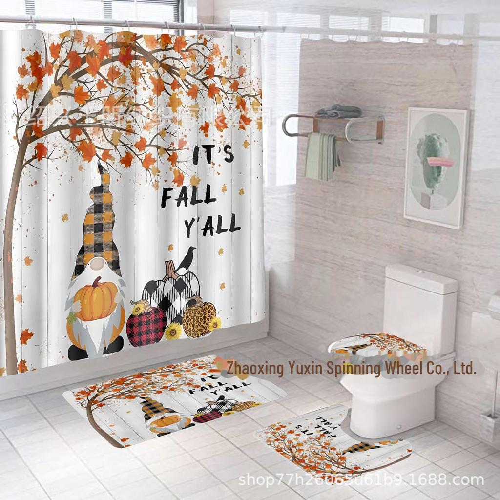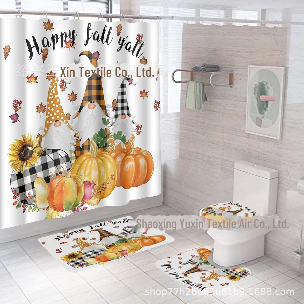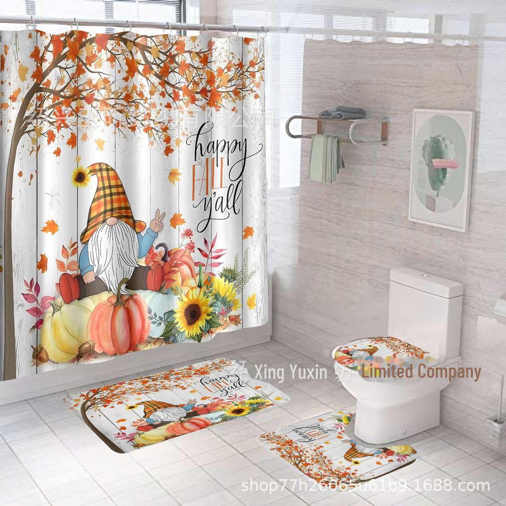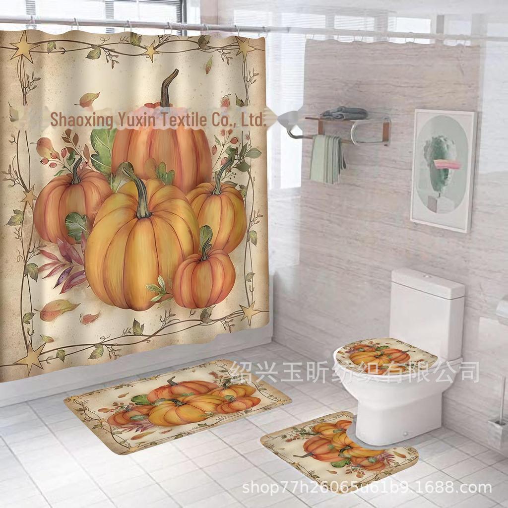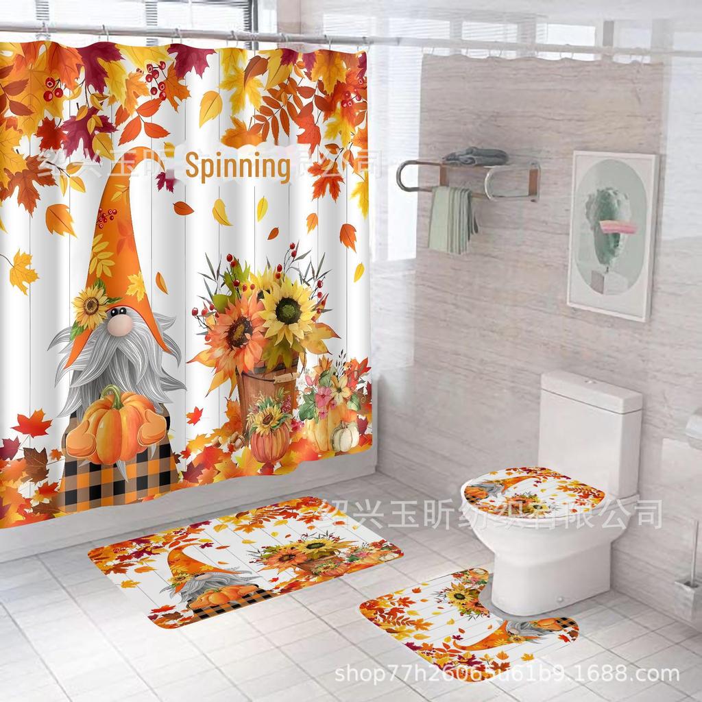 Комплект водонепроницаемых, устойчивых к плесени занавесок для душа с тыквой и кленовым листом на День благодарения - занавеска для разделительной двери без проколов для ванной комнаты
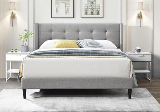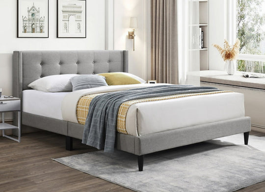 Stella Platform Bed with Button Tufted Wingback Headboard Give your bedroom a touch of timeless charm with the Stella Platform Bed. Upholstered in soft grey fabric, this transitional-style bed features a stunning wingback headboard with...Sale price From $259.00Regular price $549.00Sale price From $259.00Regular price $549.00 -
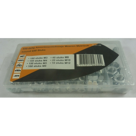 Moeren assortiment 650-delig Metrisch.
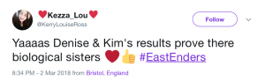 Although, the results of the letter didn’t come without it’s dramas, thanks to Kim and her bizarre greetings card mix up where Denise found a card telling her they weren’t related.
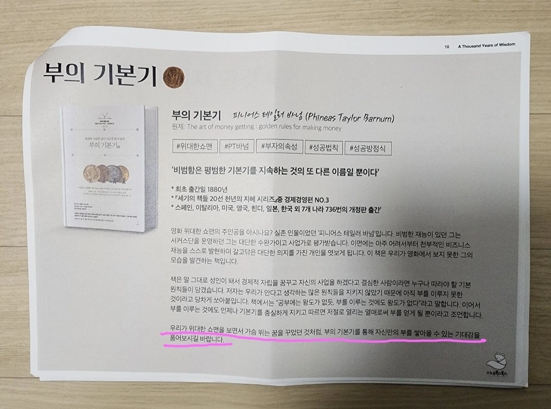 이 책 《 부의 기본기 》는 100만부도 아닌 1000만부 이상 판매된 책이라는 것이 매우 끌리게 했다. 심지어 지은이도 우리가 흔히 알고 있는 영화 '위대한 쇼맨' 의 모델인 "피어니스 테일러 바넘"님이시다. "피어니스 테일러 바넘"님은 당시에 없던 창조적인 기획으로 이미 8살때부터 자신의 사업을 시작한 인물이라는 점도 매우 놀라웠다. "피어니스 테일러 바넘"님을 대단한 부자로 만들어 준 인생의 황금기가 서커스단을 설립한 이후였기 때문에 이 분을 쇼맨으로 기억하기 쉽지만, 이 분의 전 생애를 살펴보면 이 분의 삶 전체가 황금기였던거 같다고 합니다. 이어서 '부'를 이루는 것에도 언제나 기본기를 충실하게 지키고 따르면 저절로 열리는 열매로써 부를 얻게 될 뿐이라고 조언했다고 합니다.
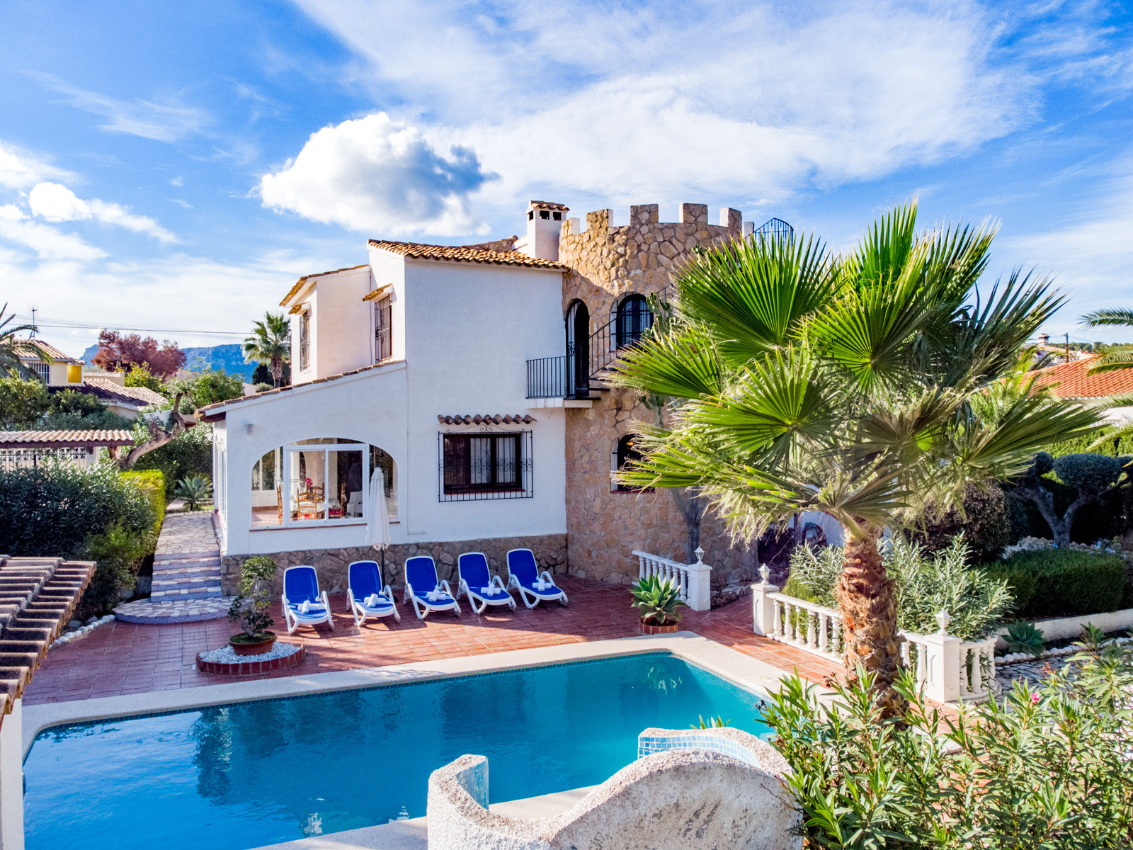 Avec 1 424 m2 de terrain, la villa dispose de plusieurs terrasses et d'une chambre d'invités face à la piscine avec un lit double, la climatisation et une salle de bain complète avec douche. Une piscine avec des escaliers en maçonnerie pour y accéder, et une zone de chaises longues pour prendre le soleil. La villa dispose de 3 places de stationnement à l'intérieur du terrain et d'une plaque de cuisson à gaz pour cuisiner à l'extérieur.
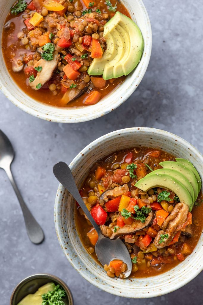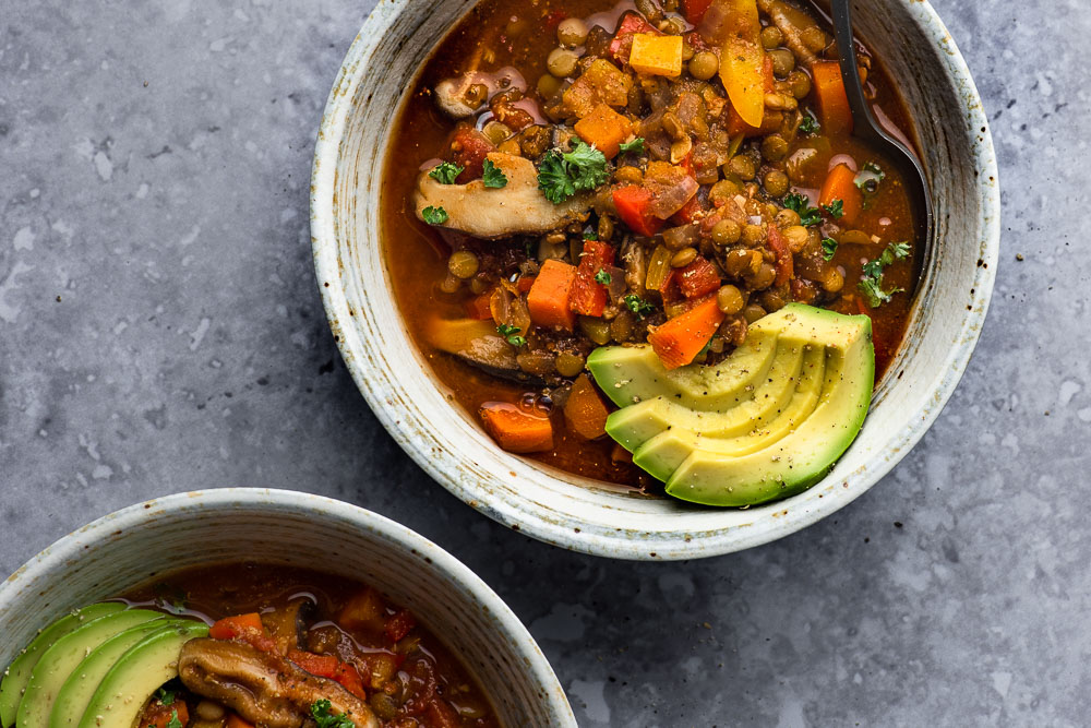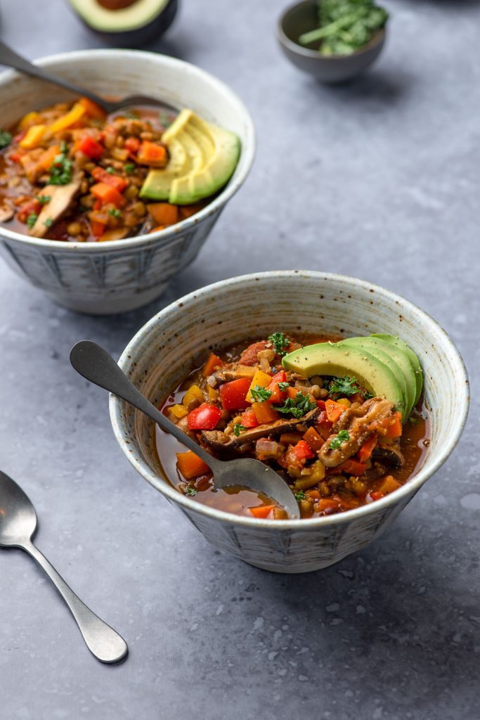 • Add the vegetable broth and tomatoes. Stir and partially cover and simmer for ~35 minutes or until the lentils are tender and the chili has thickened. Taste and re-season with salt and pepper. Divide among bowls and garnish with chopped avocado and/or cilantro (if using)

#### What is needed:
Starting at the first line of the material, output exactly the lines up to and including the one with "Avec 1 424 m2". Do not include the pictures.

#### Solution for this problem:
 Комплект водонепроницаемых, устойчивых к плесени занавесок для душа с тыквой и кленовым листом на День благодарения - занавеска для разделительной двери без проколов для ванной комнаты
 Stella Platform Bed with Button Tufted Wingback Headboard Give your bedroom a touch of timeless charm with the Stella Platform Bed. Upholstered in soft grey fabric, this transitional-style bed features a stunning wingback headboard with...Sale price From $259.00Regular price $549.00Sale price From $259.00Regular price $549.00 -
 Moeren assortiment 650-delig Metrisch.
 Although, the results of the letter didn’t come without it’s dramas, thanks to Kim and her bizarre greetings card mix up where Denise found a card telling her they weren’t related.
 이 책 《 부의 기본기 》는 100만부도 아닌 1000만부 이상 판매된 책이라는 것이 매우 끌리게 했다. 심지어 지은이도 우리가 흔히 알고 있는 영화 '위대한 쇼맨' 의 모델인 "피어니스 테일러 바넘"님이시다. "피어니스 테일러 바넘"님은 당시에 없던 창조적인 기획으로 이미 8살때부터 자신의 사업을 시작한 인물이라는 점도 매우 놀라웠다. "피어니스 테일러 바넘"님을 대단한 부자로 만들어 준 인생의 황금기가 서커스단을 설립한 이후였기 때문에 이 분을 쇼맨으로 기억하기 쉽지만, 이 분의 전 생애를 살펴보면 이 분의 삶 전체가 황금기였던거 같다고 합니다. 이어서 '부'를 이루는 것에도 언제나 기본기를 충실하게 지키고 따르면 저절로 열리는 열매로써 부를 얻게 될 뿐이라고 조언했다고 합니다.
 Avec 1 424 m2 de terrain, la villa dispose de plusieurs terrasses et d'une chambre d'invités face à la piscine avec un lit double, la climatisation et une salle de bain complète avec douche. Une piscine avec des escaliers en maçonnerie pour y accéder, et une zone de chaises longues pour prendre le soleil. La villa dispose de 3 places de stationnement à l'intérieur du terrain et d'une plaque de cuisson à gaz pour cuisiner à l'extérieur.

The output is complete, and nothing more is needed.